A 120-kg crate, starting from rest, is pulled across a floor with a constant horizontal force of 400 N. For the first 17 m the floor is frictionless, and for the next 17 m the coefficient of friction is 0.34. What is the final speed of the crate?

Kinetic energy gained during the frictionless interval is 400 N * 17 m = 6800 J. When there is friction, the net force pulling the weight is 400 N - M*g*mu = 400 - 399.8 N = 0.2 N. Additional kinetic energy gain is limited to 0.2N*17m = 3.4 J

The rest of the work done ends up as heat.

Final kientic energy is 6803 J. Use that for the final velocity

how would I show that in m/s?

you use 1/2*m*v^2

the answer is = 1

To find the final speed of the crate, we need to break down the problem into two parts: the frictionless section and the section with friction.

1. Frictionless section:
In this part, the floor is frictionless, so there is no force opposing the motion of the crate. Therefore, the only force acting on the crate is the applied force pulling it with a constant horizontal force of 400 N. We can use Newton's second law of motion to find the crate's acceleration in this section.

The formula for Newton's second law is:
F = m * a

Where:
F is the net force on the object
m is the mass of the object
a is the acceleration of the object

In this case, the only force acting on the crate is the applied force, so we have:
400 N = 120 kg * a

Solving for the acceleration:
a = 400 N / 120 kg ≈ 3.33 m/s^2

Now, we can find the final velocity in this section using the following kinematic equation:
v^2 = v0^2 + 2 * a * d

Where:
v is the final velocity
v0 is the initial velocity (which is zero in this case, since the crate starts from rest)
a is the acceleration (3.33 m/s^2)
d is the distance traveled (17 m)

Plugging in the values:
v^2 = 0 + 2 * 3.33 m/s^2 * 17 m
v^2 ≈ 113.22

Taking the square root of both sides:
v ≈ √113.22
v ≈ 10.65 m/s

So, the final velocity of the crate in the frictionless section is approximately 10.65 m/s.

2. Section with friction:
In this part, the coefficient of friction is 0.34. First, let's calculate the frictional force acting on the crate using the equation:

frictional force = coefficient of friction * normal force

The normal force can be calculated as:
normal force = mass * gravity

Where:
mass is the mass of the crate (120 kg)
gravity is the acceleration due to gravity (approximately 9.8 m/s^2)

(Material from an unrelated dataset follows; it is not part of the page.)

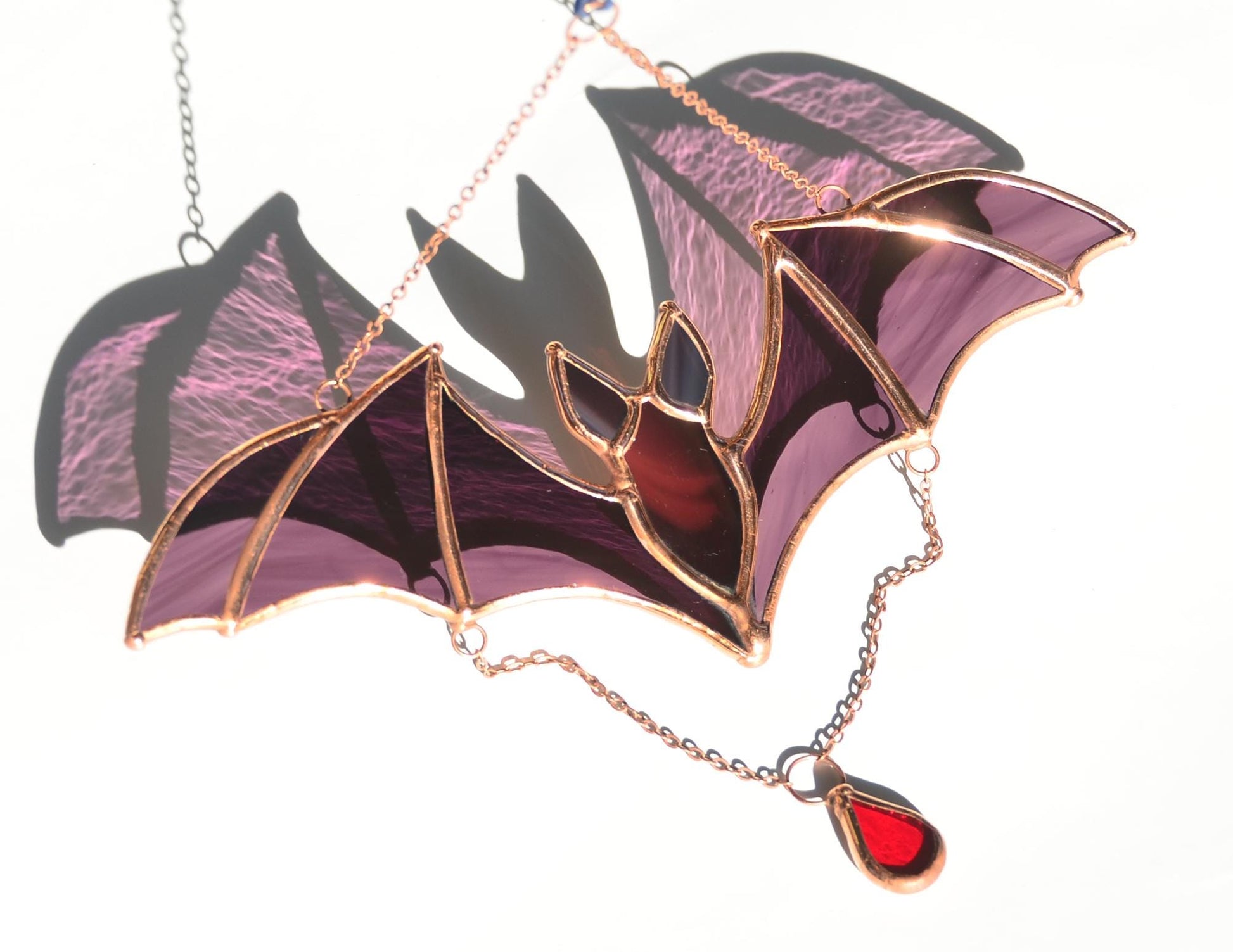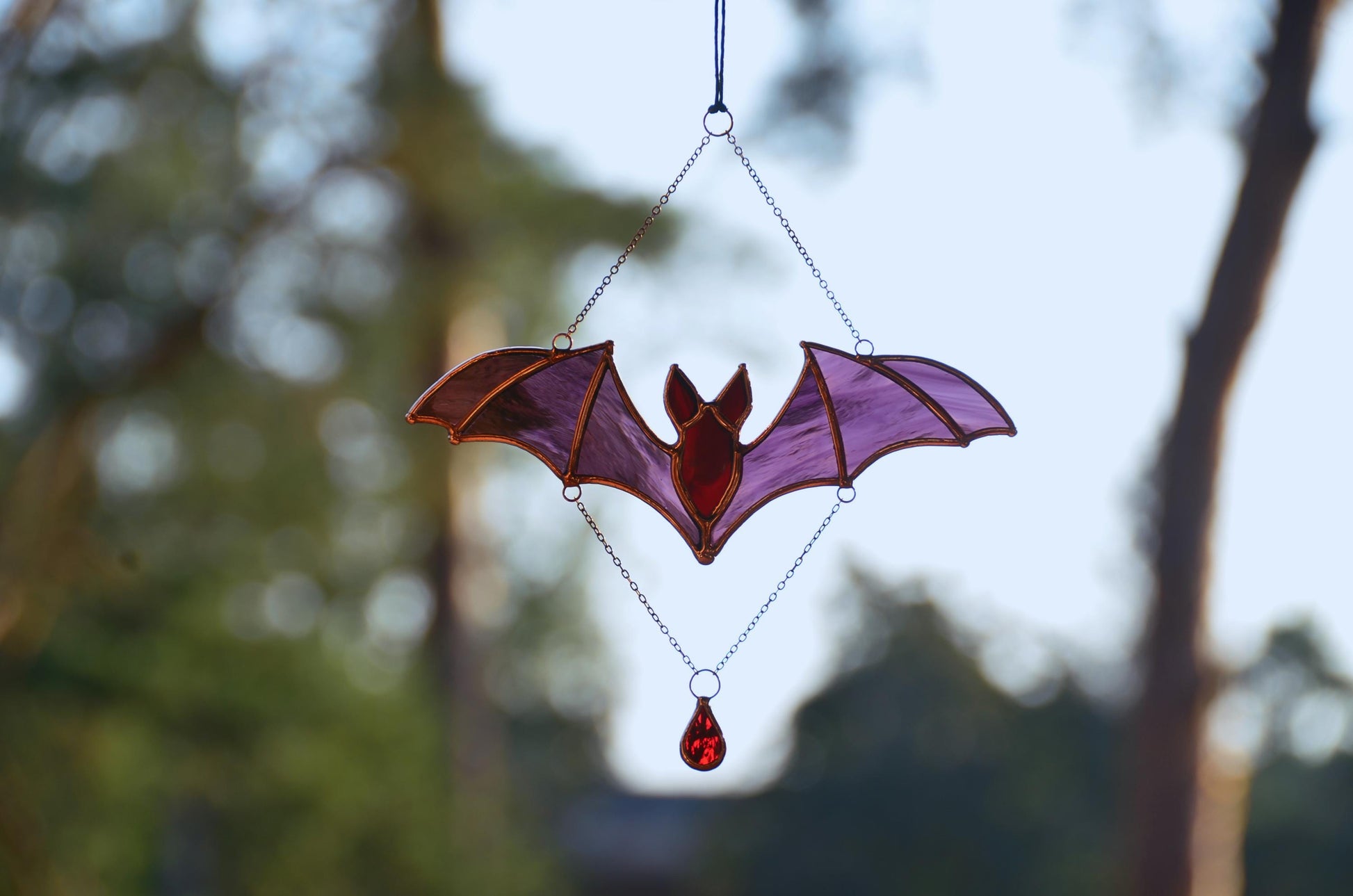 Stained glass purple bat suncatcher for your Halloween home decor.

normal force = 120 kg * 9.8 m/s^2 ≈ 1176 N

frictional force = 0.34 * 1176 N ≈ 399.84 N

The frictional force is opposing the motion, so it acts in the opposite direction to the applied force. Hence, the net force acting on the crate in this section can be calculated as:
net force = applied force - frictional force
net force = 400 N - 399.84 N ≈ 0.16 N

Since the net force is very close to zero, the acceleration in this section is negligible. Therefore, the velocity remains constant.

So, the final velocity of the crate in the section with friction is the same as its velocity in the frictionless section, which is approximately 10.65 m/s.

Therefore, the final speed of the crate is approximately 10.65 m/s.